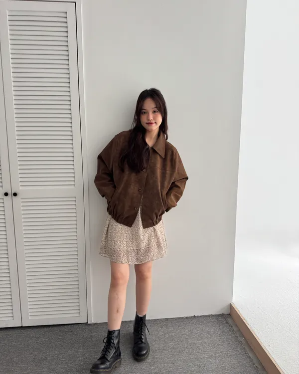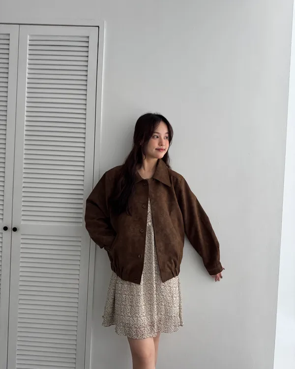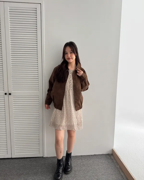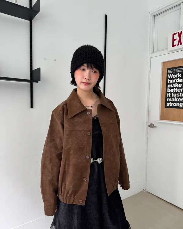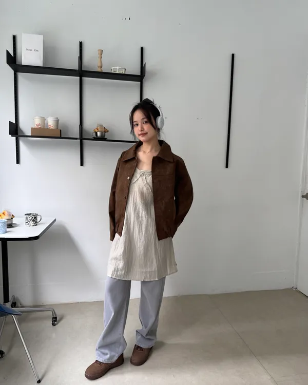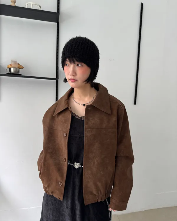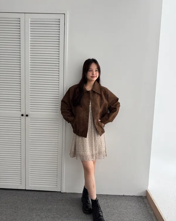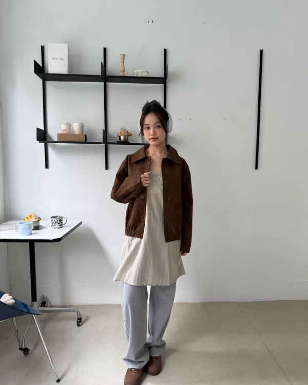 蕾絲滾邊微絨布罩衫洋裝 2colors
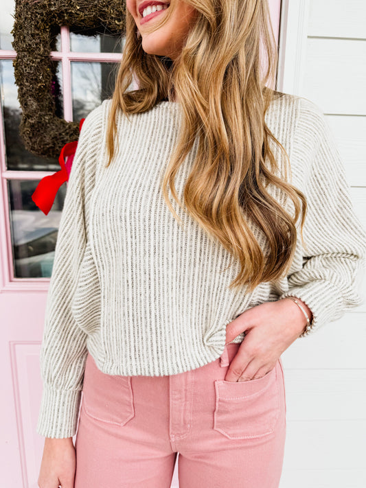 Arden Stripe Dolman Sleeve Knit Top - Grey Ivory
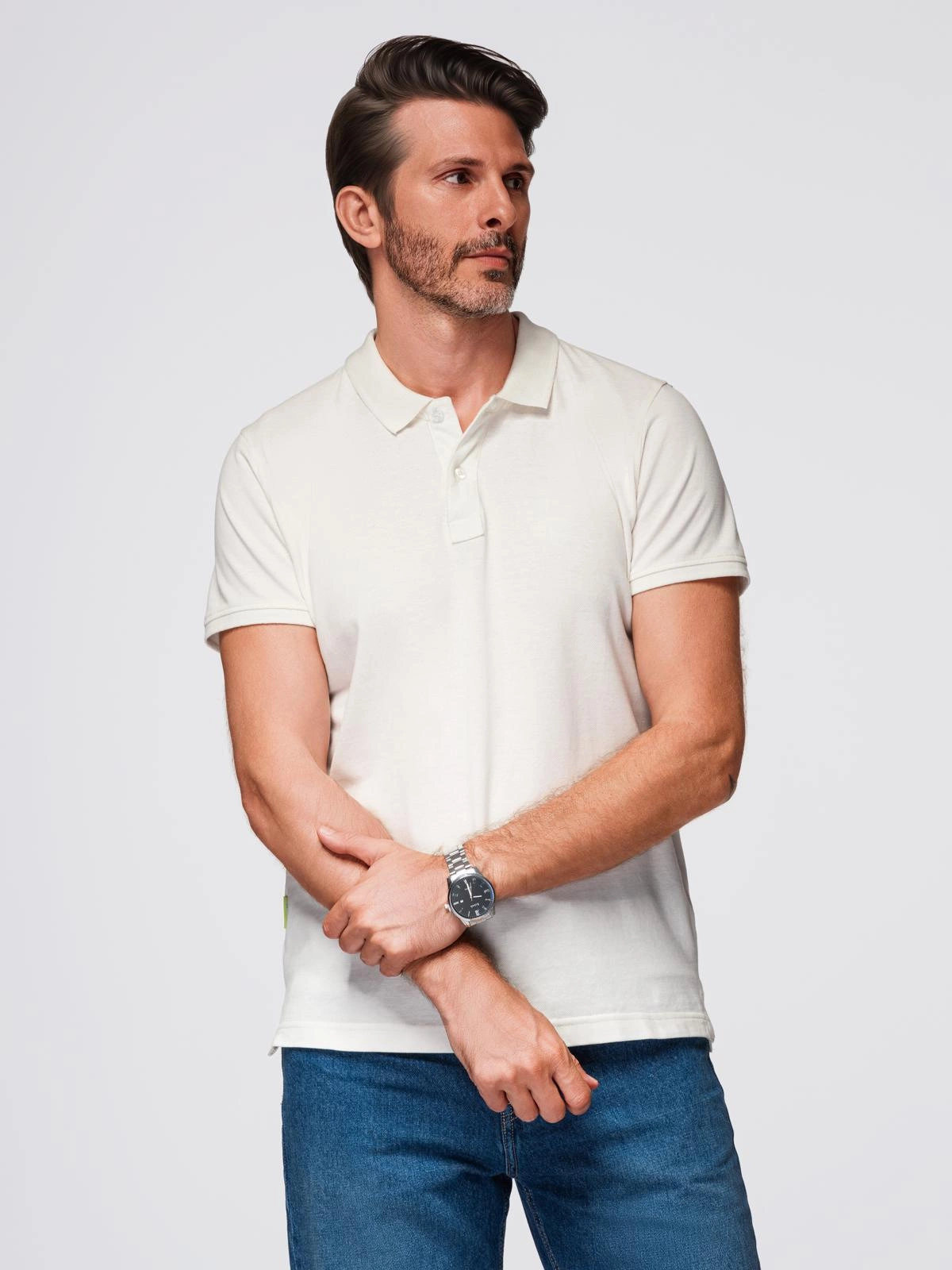 Bavlněná polokošile z piké úpletu - ecru V7 OM-POSS-0103
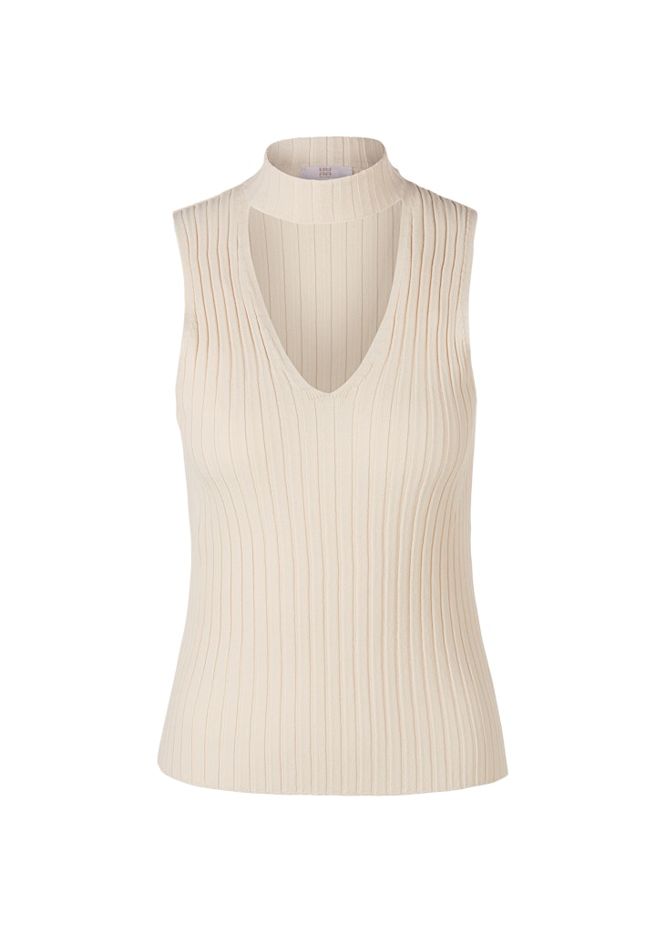Mouwloze top van Riani in een ribstructuur met een opstaande kraag en een diepe V-hals. Materiaal: Viscose 75%| polyamide 25%
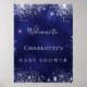 A welcome poster for a Baby Shower celebrating a baby boy. A navy blue background with elegant faux silver glitter sparkles. The blue colour is uneven. Personalize and add a name. White letters.
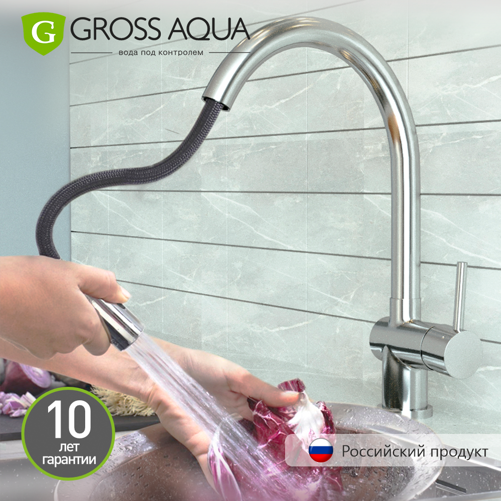 Смеситель для кухни (мойки)Gross Aqua с высоким, вытяжным изливом Extra, хром.
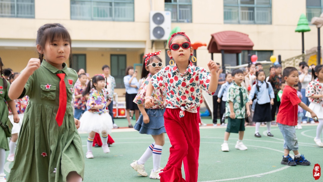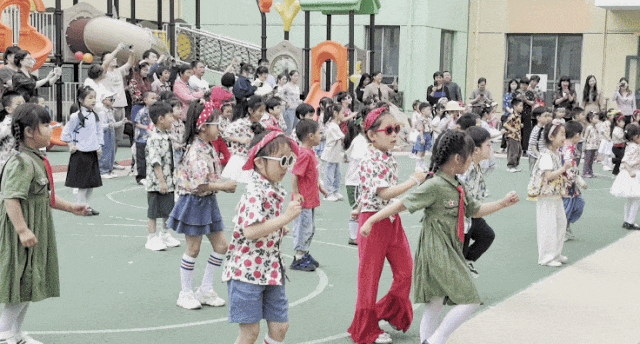 童年,必须要有音乐。育英幼儿园的师生们精心准备了一场怀旧音乐Show。师生复古舞蹈火热开场,“六一”的快乐在音乐声中一触即发。
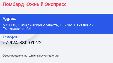 Ломбард Южный Экспресс по адресу 693006, Сахалинская область, Южно-Сахалинск, Емельянова, 34 в дальнейшем Организация, размещена в следующих категориях:
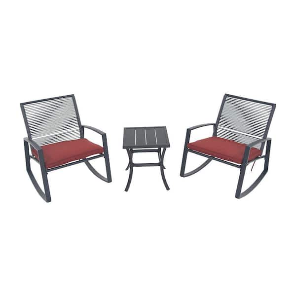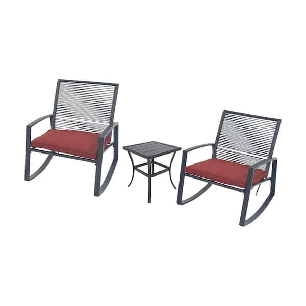 Red 3-Piece Metal Outdoor Bistro Rocking Set with Red Cushions
......
• [Task details]
To complete this exercise, repeat exactly the lines above from the one holding "Ломбард Южный Экспресс" to the end of the listing, both included, and leave the pictures out.

• [Written answer]
 Ломбард Южный Экспресс по адресу 693006, Сахалинская область, Южно-Сахалинск, Емельянова, 34 в дальнейшем Организация, размещена в следующих категориях:
 Red 3-Piece Metal Outdoor Bistro Rocking Set with Red Cushions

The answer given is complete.